- Shepway Location within Kent
- Population: 14,100 (2005)
- District: Maidstone;
- Shire county: Kent;
- Region: South East;
- Country: England
- Sovereign state: United Kingdom
- Post town: MAIDSTONE
- Postcode district: ME15
- Dialling code: 01622
- Police: Kent
- Fire: Kent
- Ambulance: South East Coast
- UK Parliament: Faversham and Mid Kent;

= Shepway, Maidstone =

Shepway is a suburb to the south-east of Maidstone in Kent, England. It lies to the south of Mote Park, to the east of Loose Road (A229) and Sutton Road (A274), and west of Willington Street. The area was formerly farmland and orchards. The suburb takes its name from Shepway Court, a country house which stood where the road of that name is today.

==History==
Construction of the suburb started in the 1930s with the building of South Park Road, the western ends of Plains Avenue, Marion Crescent and Cranborne Avenue (originally named Shepway Avenue) and parts of Brockenhurst, Ringwood and Lyndhurst Roads. The majority of the suburb was constructed as a council estate by Maidstone Borough Council in stages after World War II. Phases of infill construction continued up to the present.

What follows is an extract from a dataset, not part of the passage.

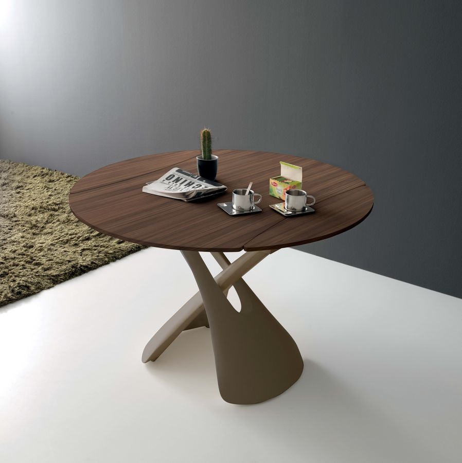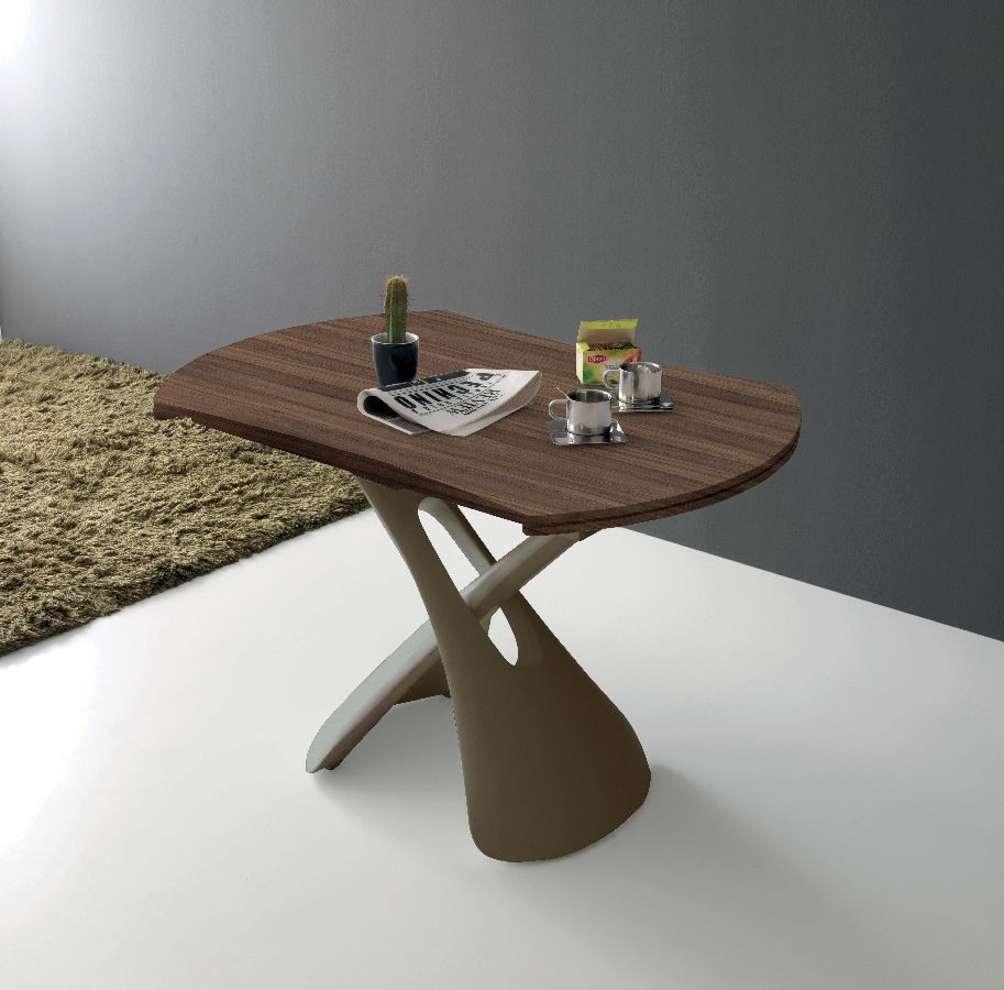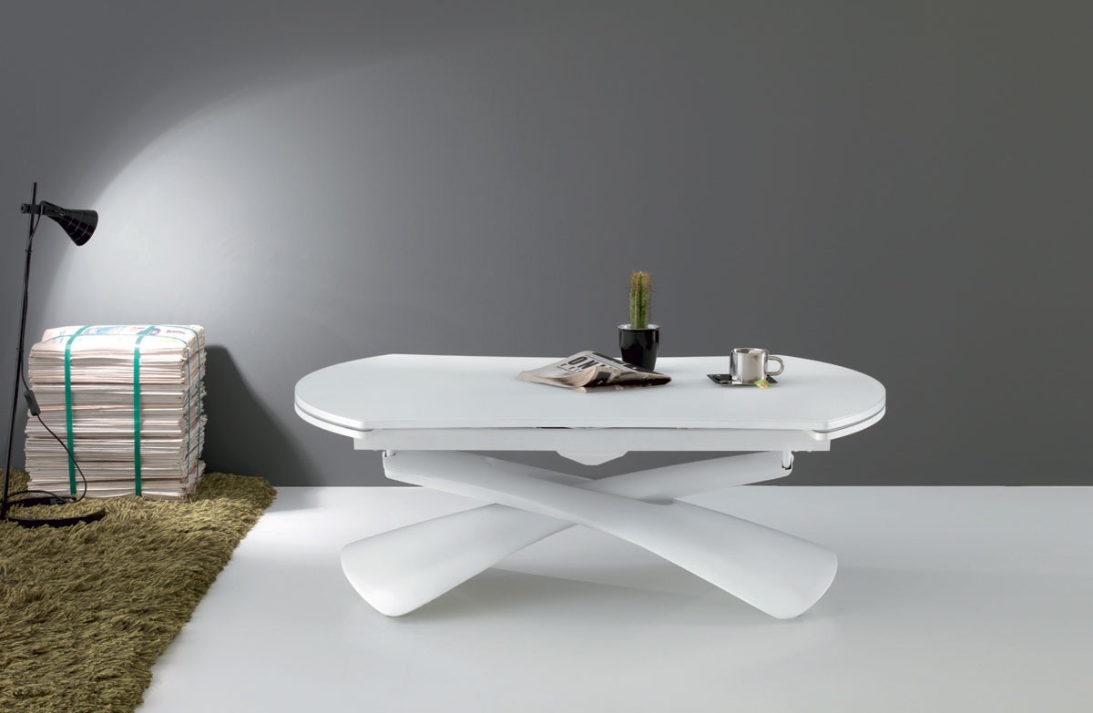 Table ouvrable et relevable, base en polyuréthane laqué blanc opaque. Plateau rectangulaire irrégulier transformable en rond, disponible en mdf laqué blanc brillant ou stratifie gris anthracite, verre opaque blanc ou verre gris cendre collé sur support mdf.

The original grid of roads laid out for the council estate after World War II bear names of traditional English counties (for example Northumberland Road, Cambridge Crescent, Hampshire Drive, Rutland Way and Nottingham Avenue). The estate was originally planned with large areas of open land for recreation, although later building has encroached on some of this space.

==Transport==
Bus 85 runs between Shepway and central Maidstone.

==Notable residents==
During the 1950s and 1960s the lead partner at the estate's medical centre was Dr Alan Barnsley, better known as the award-winning novelist and poet Gabriel Fielding.